MISTRANSLATIONS: mini-interview with Stephen Nelson

Stephen Nelson has exhibited visual poetry and published prose and poetry internationally for a number of years. He lives by a burn in Central Scotland. His last book was a Xerolage of visual poetry called Arcturian Punctuation (Xexoxial Editions).

Stephen features in Sparkling Tongue Press’ inaugural issue, MISTRANSLATIONS. I wanted to get to know his work a little bit more, and his creative process for the MISTRANSLATIONS submission. I hope you enjoy!

Your work in this issue is produced digitally. Do you feel digital work adds to asemic writing?  

I think digital technologies have opened up new possibilities for visual poetry in general, but I actually prefer digital work that has a more organic feel. So, much of the asemic work I create digitally is simply a technically updated version of an ancient tool, like writing with a finger on a screen rather than writing with a finger in the sand or an ink brush on paper, or working with a textual app moving letters on a screen rather than using a typewriter to create concrete poems. I enjoy imitating classic tools with new technologies. There are tools which allow different, more digitally specific results, however, which are just as beautiful. 

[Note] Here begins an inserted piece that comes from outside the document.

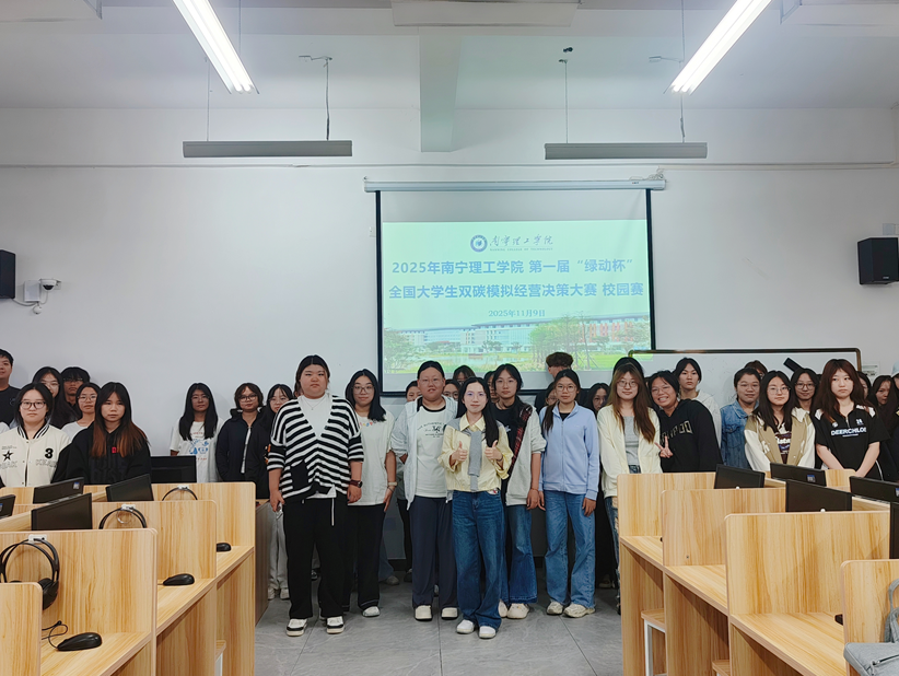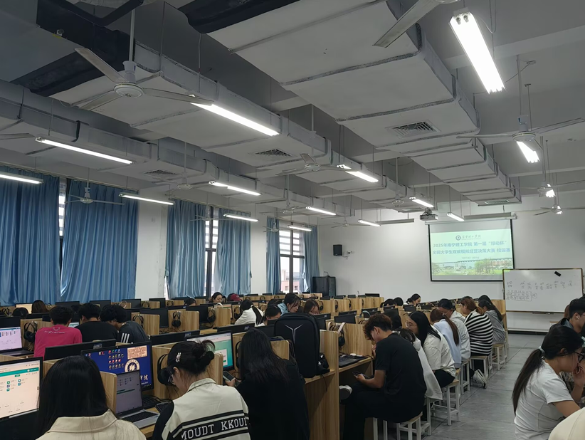 赛事由黄意津老师和王玉清老师具体负责组织与开展,吸引了全院学生的广泛关注和积极参与。来自商学院各专业的34支队伍,共计102名学子齐聚一堂,在模拟真实的“双碳”目标背景下,展开了一场智慧与策略的精彩较量。比赛现场气氛紧张有序,各参赛队伍需综合运用绿色经济、低碳管理、资源配置、可持续发展等知识,应对复杂多变的市场与环境场景,充分展现了选手们的专业素养、战略思维和团队协作能力。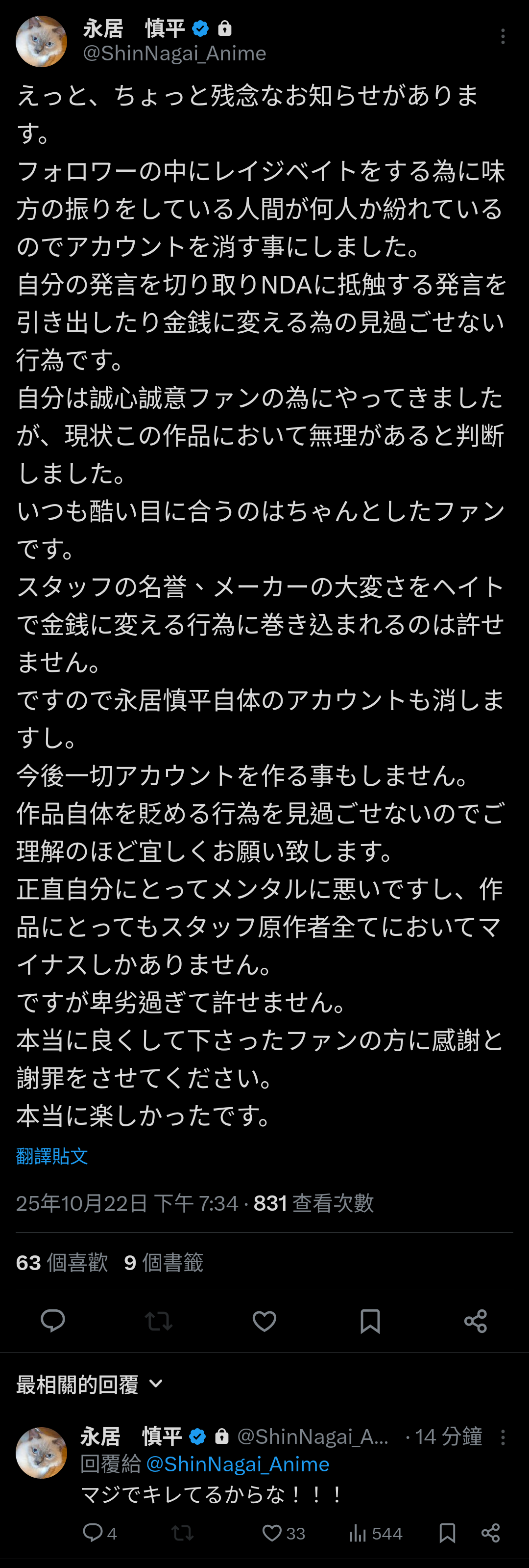 當然這樣的情況,也讓不少粉絲擔憂永居慎平的身心狀況,畢竟遭到這樣的社群紛擾,對於還要從事動畫工作這種勞心勞神的職業來說可是更加難熬。

Your work has some recognisable letters, such as a Greek ‘P’ (Π). Do you agree a work can be asemic to some and not to others?

My pieces in the magazine are probably more concrete than asemic. They are letter compositions using existing alphabets, where the shapes or relationships between the letters create meaning. There’s certainly an overlap with asemic writing, a blurred line, which I love, because my thoughts about what “asemic” might really mean, whether it’s actually possible for any writing to have no semantic content, are continually shifting. So, in that respect, I’m not sure if anything is truly asemic. What interests me, though, is the difference between known alphabets and unknown marks, and how to make subtle distinctions between the two. It certainly feels like there’s a different way of reading work based on known letters (concrete poetry) and unknown marks (asemic writing). Here, it’s the former, and meaning is perhaps more intellectual, though kinetic and playful, in contrast to forms of asemic writing where meaning is transmitted as a more subtle energy or feeling in the body, more sensual. It seems like there are so many different ways to create or discern meaning in the human energy system.